Let’s have a look at the structure of this table and also convert it into a tibble while we are at it.
library(datasets)
library(dplyr)
# looking at the table
dplyr::glimpse(x = Titanic)
#> table [1:4, 1:2, 1:2, 1:2] 0 0 35 0 0 0 17 0 118 154 ...
#> - attr(*, "dimnames")=List of 4
#> ..$ Class : chr [1:4] "1st" "2nd" "3rd" "Crew"
#> ..$ Sex : chr [1:2] "Male" "Female"
#> ..$ Age : chr [1:2] "Child" "Adult"
#> ..$ Survived: chr [1:2] "No" "Yes"
# converting to tibble
tibble::as_data_frame(x = Titanic)
#> # A tibble: 32 x 5
#> Class Sex Age Survived n
#> <chr> <chr> <chr> <chr> <dbl>
#> 1 1st Male Child No 0
#> 2 2nd Male Child No 0
#> 3 3rd Male Child No 35
#> 4 Crew Male Child No 0
#> 5 1st Female Child No 0
#> 6 2nd Female Child No 0
#> 7 3rd Female Child No 17
#> 8 Crew Female Child No 0
#> 9 1st Male Adult No 118
#> 10 2nd Male Adult No 154
#> # ... with 22 more rows
Note that the last column in this dataframe contains count information, which means we will have to modify it to reflect this count structure.

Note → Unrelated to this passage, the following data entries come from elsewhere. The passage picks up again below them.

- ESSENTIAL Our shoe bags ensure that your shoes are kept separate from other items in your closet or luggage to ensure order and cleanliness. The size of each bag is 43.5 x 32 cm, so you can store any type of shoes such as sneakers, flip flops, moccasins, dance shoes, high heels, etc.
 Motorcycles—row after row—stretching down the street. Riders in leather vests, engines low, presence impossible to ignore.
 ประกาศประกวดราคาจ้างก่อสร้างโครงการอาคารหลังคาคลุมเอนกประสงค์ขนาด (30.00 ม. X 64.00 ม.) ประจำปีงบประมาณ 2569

# a custom function to repeat dataframe `rep` number of times, which is going to
# be count data for us
rep_df <- function(df, rep) {
df[rep(1:nrow(df), rep), ]
}
# converting dataframe to full length based on count information
Titanic_full <- tibble::as_data_frame(datasets::Titanic) %>%
tibble::rowid_to_column(df = ., var = "id") %>%
dplyr::mutate_at(
.tbl = .,
.vars = dplyr::vars("id"),
.funs = ~ as.factor(.)
) %>%
base::split(x = ., f = .$id) %>%
purrr::map_dfr(.x = ., .f = ~ rep_df(df = ., rep = .$n)) %>%
dplyr::mutate_at(
.tbl = .,
.vars = dplyr::vars("id"),
.funs = ~ as.numeric(as.character(.))
) %>%
dplyr::mutate_if(
.tbl = .,
.predicate = is.character,
.funs = ~ base::as.factor(.)
) %>%
dplyr::mutate_if(
.tbl = .,
.predicate = is.factor,
.funs = ~ base::droplevels(.)
) %>%
dplyr::arrange(.data = ., id)
# reordering the Class variables
Titanic_full$Class <-
base::factor(x = Titanic_full$Class,
levels = c("1st", "2nd", "3rd", "Crew", ordered = TRUE))

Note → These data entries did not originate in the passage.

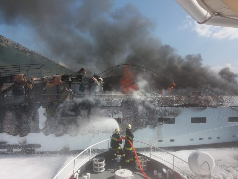 На луксузната јахта „Канга“, долга 40 метри, укотвена меѓу островите Маслиново и Пелешац, изби пожар во утринските часови.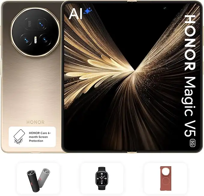 HONOR Magic V5 16GB RAM 512GB Dawn Gold With Free Honor choice Speaker, Honor Watch 4, Premium phone cover & 6 Month Screen Insurance - Middle East Version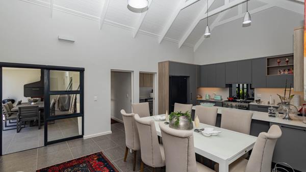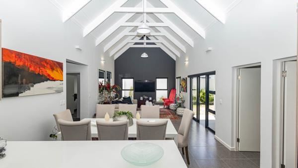 The home features an open plan layout that flows effortlessly between the kitchen, dining, and living areas, all enhanced by high ceilings and abundant natural light. The modern kitchen is equipped with premium finishes, sleek cabinetry, and quality appliances, perfect for both family living and entertaining.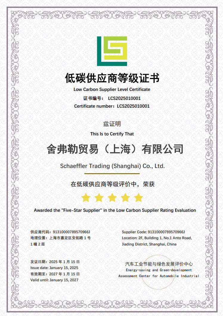 1月15日,舍弗勒憑借在碳管理及脫碳行動方面的卓越表現,榮獲由汽車工業節能與綠色發展評價中心授予的2025年汽車行業低碳供應商評價“五星企業”稱號,成為汽車行業首家獲得此最高評級的供應鏈企業。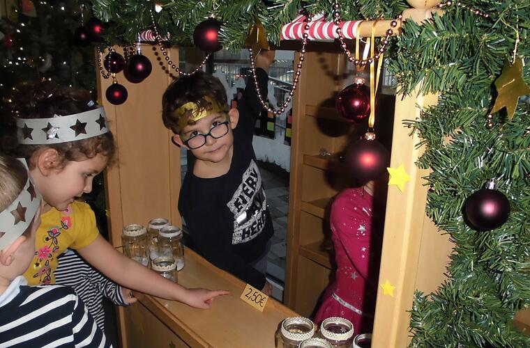 Endlich war es soweit: Im städtischen Kindergarten im Kastanienhof wurde der Weihnachtsmarkt eröffnet. Fast alle Kinder waren mit ihren Eltern da, heißt es in einer Mitteilung der Schule. Zur Einstimmung trafen sich Eltern und Kinder und sangen gemeinsam einige Weihnachtslieder. In Vorbereitung des Weihnachtsmarktes wurden von den Kindern und ihren Erzieherinnen in den Gruppen viele Dinge gebastelt, die an diesem Tag dann von den "Schlaumäusen" an die Eltern verkauft wurden. Das hat den Kindern sehr viel Spaß gemacht. Bei Kinderpunsch und Kuchen, der von den Eltern gebacken wurde, hatten die Eltern dann die Gelegenheit ins Gespräch zu kommen.

# looking at the final dataset
dplyr::glimpse(Titanic_full)
#> Observations: 2,201
#> Variables: 6
#> $ id <dbl> 3, 3, 3, 3, 3, 3, 3, 3, 3, 3, 3, 3, 3, 3, 3, 3, 3, 3,...

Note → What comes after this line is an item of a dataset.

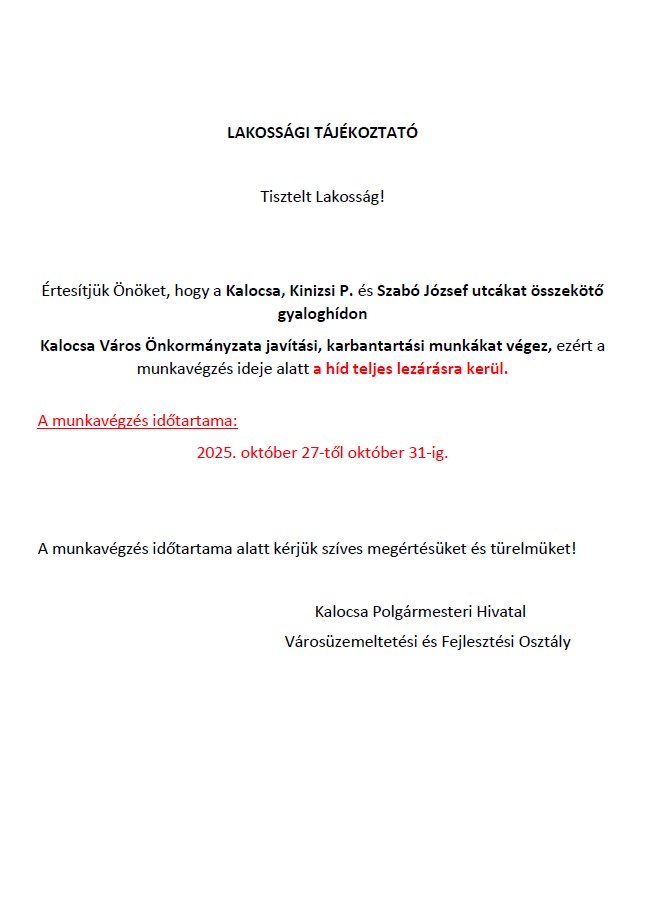 Értesítjük Önöket, hogy a Kinizsi utca és a Szabó József utcákat összekötő hídon karbantartási munkálatok lesznek, ezért a gyalogos és kerékpáros forgalom elől mindkét irányból le lesz zárva.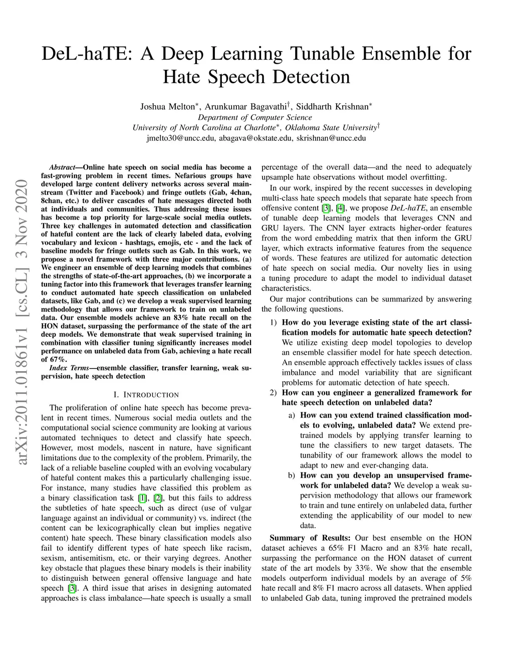 DeL-haTE: A Deep Learning Tunable Ensemble for Hate Speech Detection

#> $ Class <fct> 3rd, 3rd, 3rd, 3rd, 3rd, 3rd, 3rd, 3rd, 3rd, 3rd, 3rd...
#> $ Sex <fct> Male, Male, Male, Male, Male, Male, Male, Male, Male,...
#> $ Age <fct> Child, Child, Child, Child, Child, Child, Child, Chil...
#> $ Survived <fct> No, No, No, No, No, No, No, No, No, No, No, No, No, N...
#> $ n <dbl> 35, 35, 35, 35, 35, 35, 35, 35, 35, 35, 35, 35, 35, 3...
Notice that our final dataset contains information about over 2000 passangers, while the original dataset with counts information had only 32 rows. Now we can start asking interesting question from this dataset.
First, let’s see if the proportion of people who survived was different between sexes using ggpiestats
.
A number of arguments can be modified to change the appearance of this plot:
library(ggstatsplot)
ggstatsplot::ggpiestats(
data = Titanic_full, # dataframe
main = Survived, # rows in the contingency table
condition = Sex, # columns in the contingecy table
title = "Passengar survival by gender", # title for the entire plot
caption = "Source: Titanic survival dataset", # caption for the entire plot
legend.title = "Survived?", # legend title
facet.wrap.name = "Gender", # changing the facet wrap title
facet.proptest = TRUE, # proportion test for each facet
stat.title = "survival x gender" # title for statistical test
) + # further modification outside of ggstatsplot
ggplot2::scale_fill_brewer(palette = "Dark2")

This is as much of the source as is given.